▶ [ABOUT THIS TASK]:
Produce a faithful copy of every record below, without the pictures.

*** GIVEN RECORDS ***

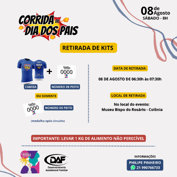 📅 Data: 08/08/2026📍 Local: Colônia — Museu Bispo do Rosário🧭 Endereço: Estrada Rodrigues Caldas, 3400 — Curicica⏰ Horários:• 🟢 Largada Corrida/Caminhada: 08:00• 🟣 Largada Kids: 09:00⚠️ Observação: evento sem chip de cronometragem.
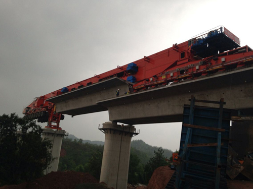 截止到2017年4月17日,由通聯(lián)科技生產(chǎn)的900噸運架一體式架橋機安全完成昌贛鐵路第100片梁的架設。 此臺架橋機自完成現場(chǎng)安裝調試投入使用以來(lái),憑借良好的性能和極高效率, 得到了客戶(hù)單位和監理單位的一致好評。
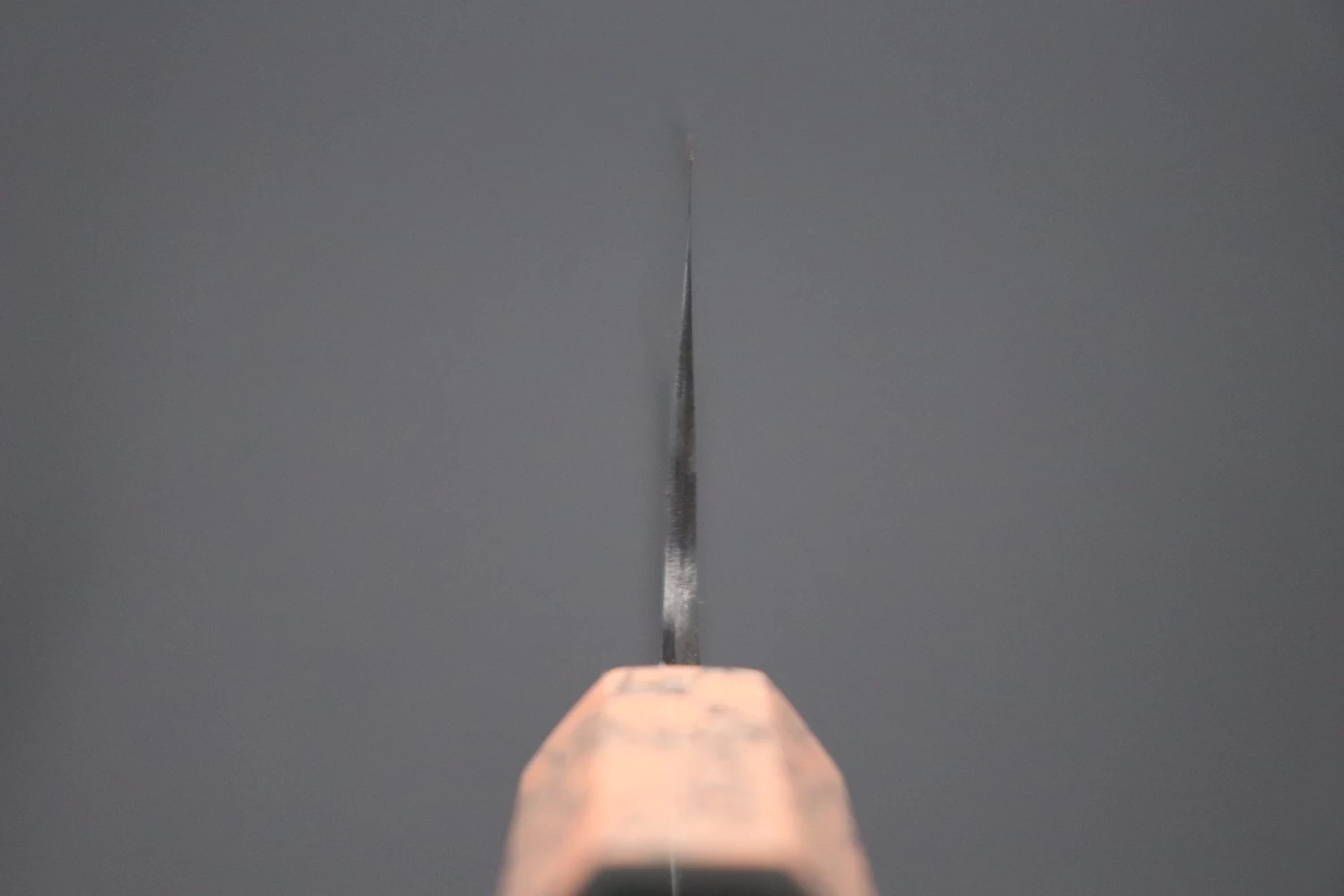 Although some people consider Master Honoura’s knives to be thick and heavy, their geometry is the result of carefully considering every aspect of their function. Contrary to what you might expect, the process of forging a thick blade ‘to shape’ actually requires a lot of time and skill. Master Honoura’s knives are nicely tapered from their heel to the tip and from their spine down to the cutting edge, which is ground very thin behind the edge. We are confident that these knives will provide the high cutting performance that is demanded by Carbon steel lovers!
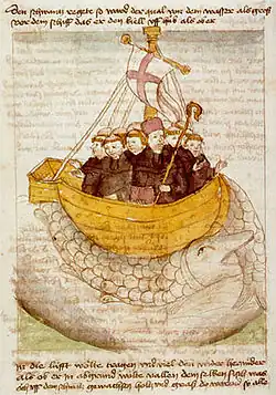 Brendan is primarily renowned for his legendary journey to the Isle of the Blessed as described in the Navigatio Sancti Brendani Abbatis (Voyage of Saint Brendan the Abbot) of the ninth century.[9] Many versions exist that narrate how he set out on the Atlantic Ocean with sixteen monks (although other versions record fourteen monks and three unbelievers who joined in the last minute) to search for the Garden of Eden. One of these companions is said to have been Malo.[10] The voyage is dated to AD 512–530, before his travel to the island of Great Britain. On his trip, Brendan is supposed to have seen Saint Brendan's Island, a blessed island covered with vegetation. He also encountered a sea monster, an adventure he shared with his contemporary Columcille. The most commonly illustrated adventure is his landing on an island which turned out to be a giant sea monster named "Jasconius".
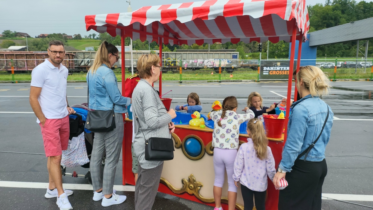 Lieferumfang: Marktstand, Entenangeln Einsatz, Angeln, Enten, Wasser.
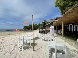 put cushions to sit and listen to chill music, watch the sea breeze. But when night falls, there is a fire baton show, alternating with a DJ playing records to dance until tired.
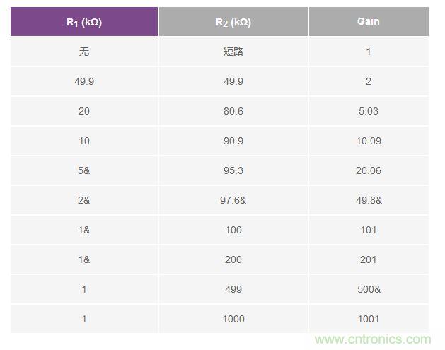 表 1 各種增益的推薦電阻(1%電阻)
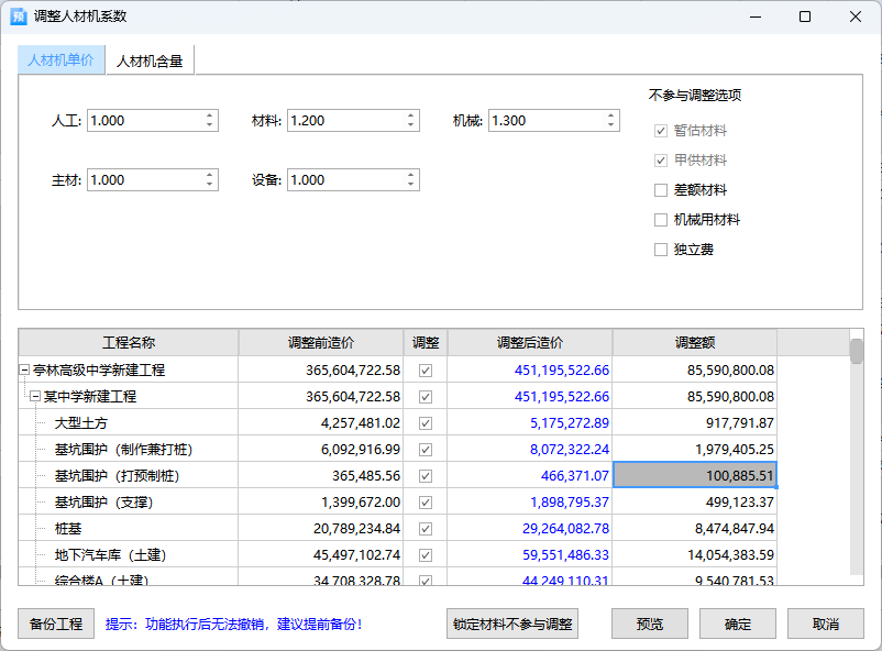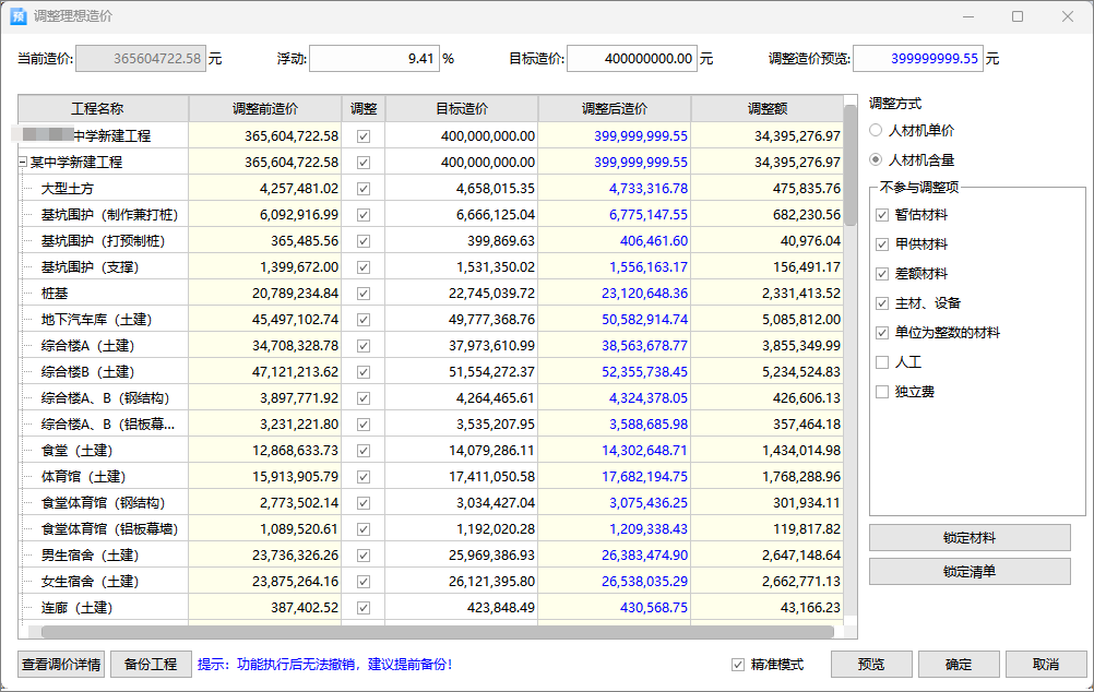 软件支持批量调整人材机单价、含量、系数等,亦可直接输入目标造价灵活调价。
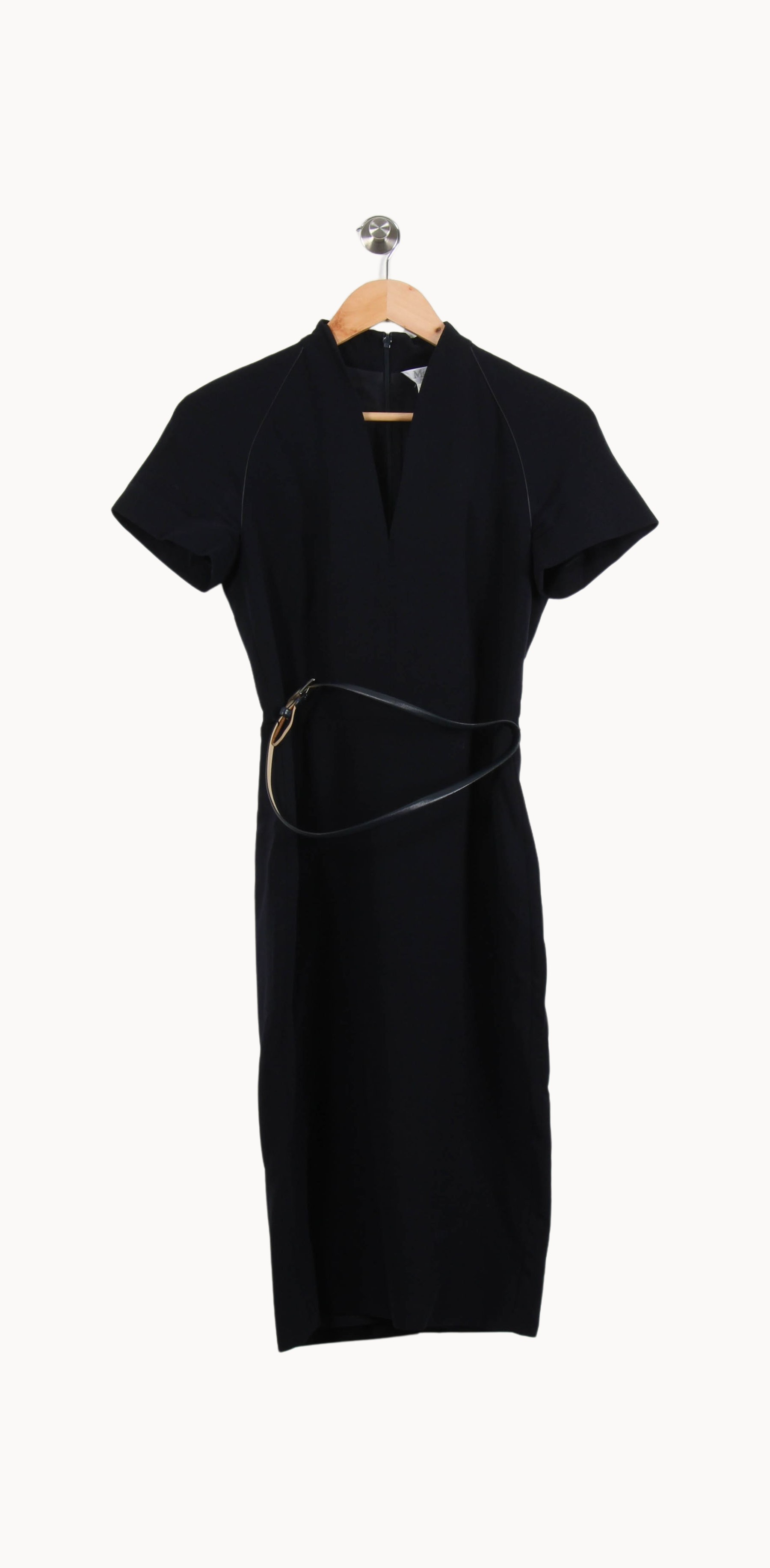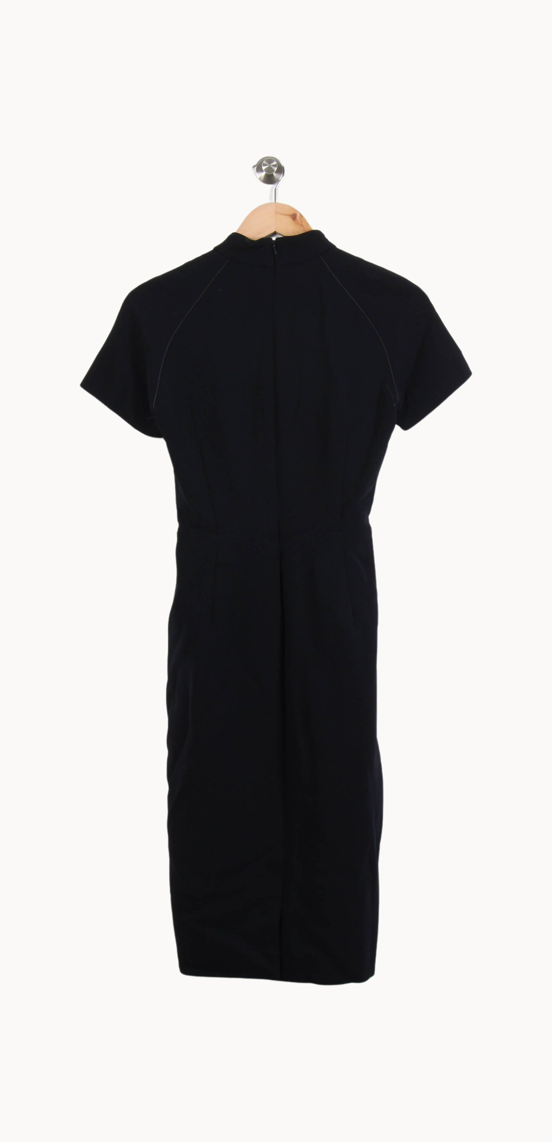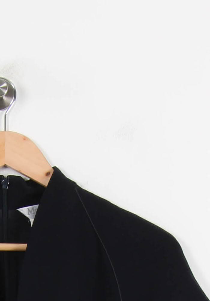 Robe bleu marine Max Mara, taille M/38, coupe droite avec ceinture fine à boucle, manches courtes et encolure en V. Confectionnée dans une matière fluide et élégante, cette robe se distingue par sa sobriété raffinée et son détail de ceinture qui sublime la silhouette avec sophistication. Idéale pour une réunion professionnelle ou un événement élégant en soirée.
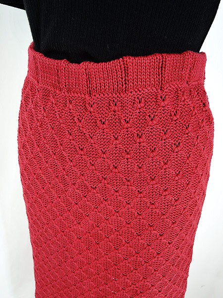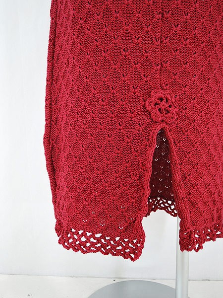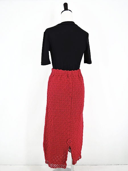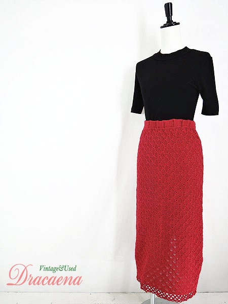 Ladies ブランド カラー赤 メール便不可 コンディション★★★ 素材アクリルと思われます 表記サイズ 実寸サイズ 着丈 80 cm ウエスト 23 インチ( 58 cm) 裾幅 43 cm スリット 20 cm ※ウエスト・ヒップ以外は平置き採寸
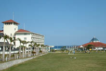 ビッグタイムリゾート伊計島とグラウンド。 左の本館の裏にコテージがある
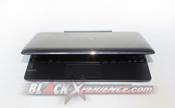 Dudukan keyboard ini hampir seluruhnya terbuat dari plastik bermotif metal yang solid. Saat tablet terpasang tablet ini terlihat dan berfungsi layaknya notebook biasa. Engsel pada dudukannya pun kuat dengan sudut lipat yang cukup lebar sehingga nyaman bila digunakan pada pangkuan maupun di atas meja. Menariknya, keyboard ini berbobot 520 gram tanpa adanya baterai cadangan di dalamnya dimana cukup berat. Apalagi bila digabungkan dengan tabletnya menjadi 1.07 kg.
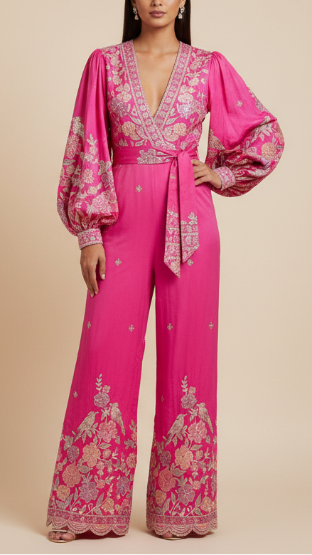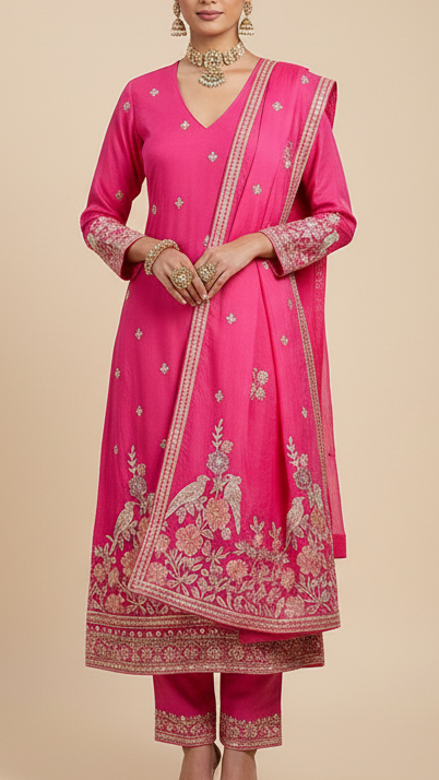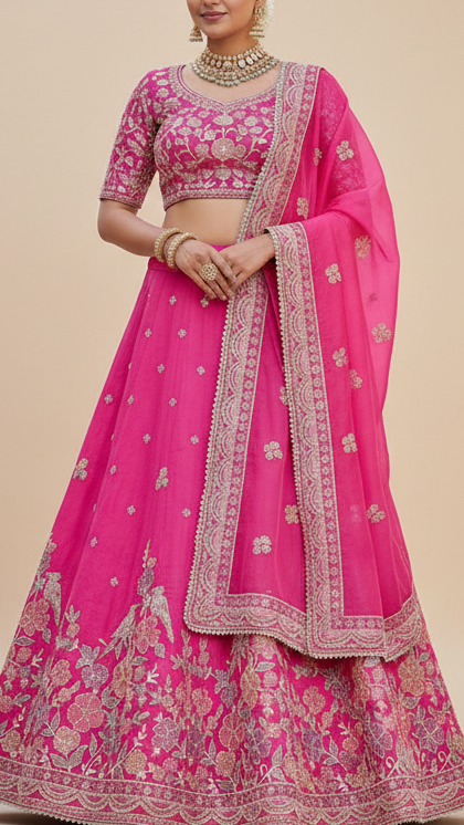 | Fabric Name | Pink Organza Fabric With All Over Thread, Sequins And Katdana Work With One Side Scalloped Border |
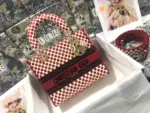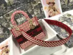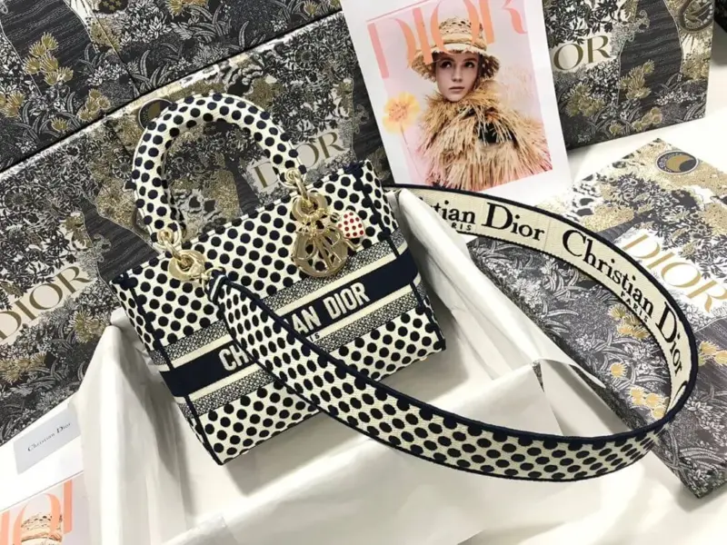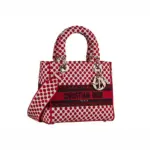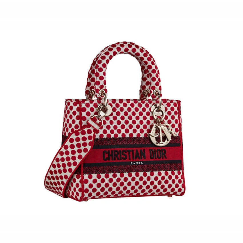 This handbag is the epitome of elegance and refined beauty, showcasing a sleek, feminine silhouette. The design is fully adorned with an intricate red polka dot embroidery, offering a timeless and romantic appeal. Pale gold-finish letter charms add a touch of sophistication to the classic shape.
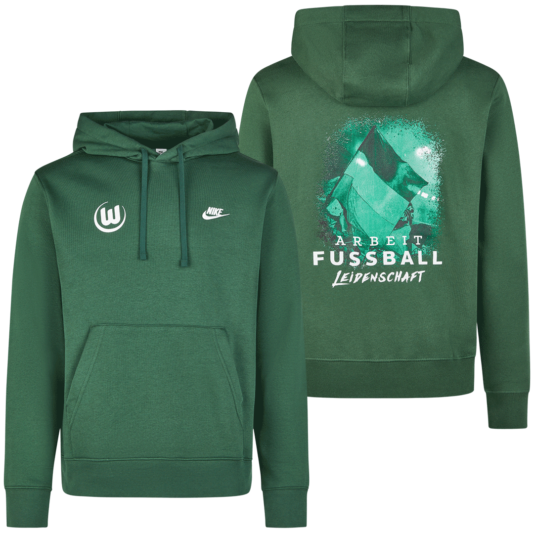 Warme Tage - kühle Abende: kuschle dich in den warmen, stilvollen VfL Wolfsburg Hoodie von Nike.
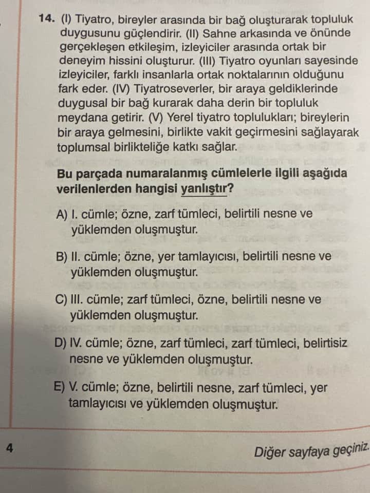| IV | Tiyatroseverler, bir araya geldiklerinde duygusal bir bağ kurarak daha derin bir topluluk meydana getirir. | Tiyatroseverler | daha derin bir topluluk (belirsiz) | bir araya geldiklerinde, duygusal bir bağ kurarak | meydana getirir | Seçenek D doğru |
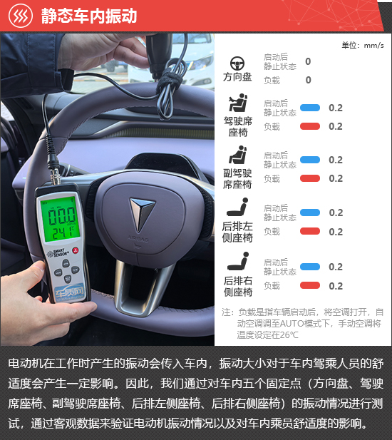 在静态车内振动测试环节,启动后静止和负载两种状态下,2026款深蓝L06方向盘位置的振动数值始终为0,前后排座椅的振动数值处于相对较低水平且保持不变,实际体感不明显。

*** End of GIVEN RECORDS ***

▶ [ANSWER SPACE]:
 📅 Data: 08/08/2026📍 Local: Colônia — Museu Bispo do Rosário🧭 Endereço: Estrada Rodrigues Caldas, 3400 — Curicica⏰ Horários:• 🟢 Largada Corrida/Caminhada: 08:00• 🟣 Largada Kids: 09:00⚠️ Observação: evento sem chip de cronometragem.
 截止到2017年4月17日,由通聯(lián)科技生產(chǎn)的900噸運架一體式架橋機安全完成昌贛鐵路第100片梁的架設。 此臺架橋機自完成現場(chǎng)安裝調試投入使用以來(lái),憑借良好的性能和極高效率, 得到了客戶(hù)單位和監理單位的一致好評。
 Although some people consider Master Honoura’s knives to be thick and heavy, their geometry is the result of carefully considering every aspect of their function. Contrary to what you might expect, the process of forging a thick blade ‘to shape’ actually requires a lot of time and skill. Master Honoura’s knives are nicely tapered from their heel to the tip and from their spine down to the cutting edge, which is ground very thin behind the edge. We are confident that these knives will provide the high cutting performance that is demanded by Carbon steel lovers!
 Brendan is primarily renowned for his legendary journey to the Isle of the Blessed as described in the Navigatio Sancti Brendani Abbatis (Voyage of Saint Brendan the Abbot) of the ninth century.[9] Many versions exist that narrate how he set out on the Atlantic Ocean with sixteen monks (although other versions record fourteen monks and three unbelievers who joined in the last minute) to search for the Garden of Eden. One of these companions is said to have been Malo.[10] The voyage is dated to AD 512–530, before his travel to the island of Great Britain. On his trip, Brendan is supposed to have seen Saint Brendan's Island, a blessed island covered with vegetation. He also encountered a sea monster, an adventure he shared with his contemporary Columcille. The most commonly illustrated adventure is his landing on an island which turned out to be a giant sea monster named "Jasconius".
 Lieferumfang: Marktstand, Entenangeln Einsatz, Angeln, Enten, Wasser.
 put cushions to sit and listen to chill music, watch the sea breeze. But when night falls, there is a fire baton show, alternating with a DJ playing records to dance until tired.
 表 1 各種增益的推薦電阻(1%電阻)
 软件支持批量调整人材机单价、含量、系数等,亦可直接输入目标造价灵活调价。
 Robe bleu marine Max Mara, taille M/38, coupe droite avec ceinture fine à boucle, manches courtes et encolure en V. Confectionnée dans une matière fluide et élégante, cette robe se distingue par sa sobriété raffinée et son détail de ceinture qui sublime la silhouette avec sophistication. Idéale pour une réunion professionnelle ou un événement élégant en soirée.
 Ladies ブランド カラー赤 メール便不可 コンディション★★★ 素材アクリルと思われます 表記サイズ 実寸サイズ 着丈 80 cm ウエスト 23 インチ( 58 cm) 裾幅 43 cm スリット 20 cm ※ウエスト・ヒップ以外は平置き採寸
 ビッグタイムリゾート伊計島とグラウンド。 左の本館の裏にコテージがある
 Dudukan keyboard ini hampir seluruhnya terbuat dari plastik bermotif metal yang solid. Saat tablet terpasang tablet ini terlihat dan berfungsi layaknya notebook biasa. Engsel pada dudukannya pun kuat dengan sudut lipat yang cukup lebar sehingga nyaman bila digunakan pada pangkuan maupun di atas meja. Menariknya, keyboard ini berbobot 520 gram tanpa adanya baterai cadangan di dalamnya dimana cukup berat. Apalagi bila digabungkan dengan tabletnya menjadi 1.07 kg.
 | Fabric Name | Pink Organza Fabric With All Over Thread, Sequins And Katdana Work With One Side Scalloped Border |
 This handbag is the epitome of elegance and refined beauty, showcasing a sleek, feminine silhouette. The design is fully adorned with an intricate red polka dot embroidery, offering a timeless and romantic appeal. Pale gold-finish letter charms add a touch of sophistication to the classic shape.
 Warme Tage - kühle Abende: kuschle dich in den warmen, stilvollen VfL Wolfsburg Hoodie von Nike.
| IV | Tiyatroseverler, bir araya geldiklerinde duygusal bir bağ kurarak daha derin bir topluluk meydana getirir. | Tiyatroseverler | daha derin bir topluluk (belirsiz) | bir araya geldiklerinde, duygusal bir bağ kurarak | meydana getirir | Seçenek D doğru |
 在静态车内振动测试环节,启动后静止和负载两种状态下,2026款深蓝L06方向盘位置的振动数值始终为0,前后排座椅的振动数值处于相对较低水平且保持不变,实际体感不明显。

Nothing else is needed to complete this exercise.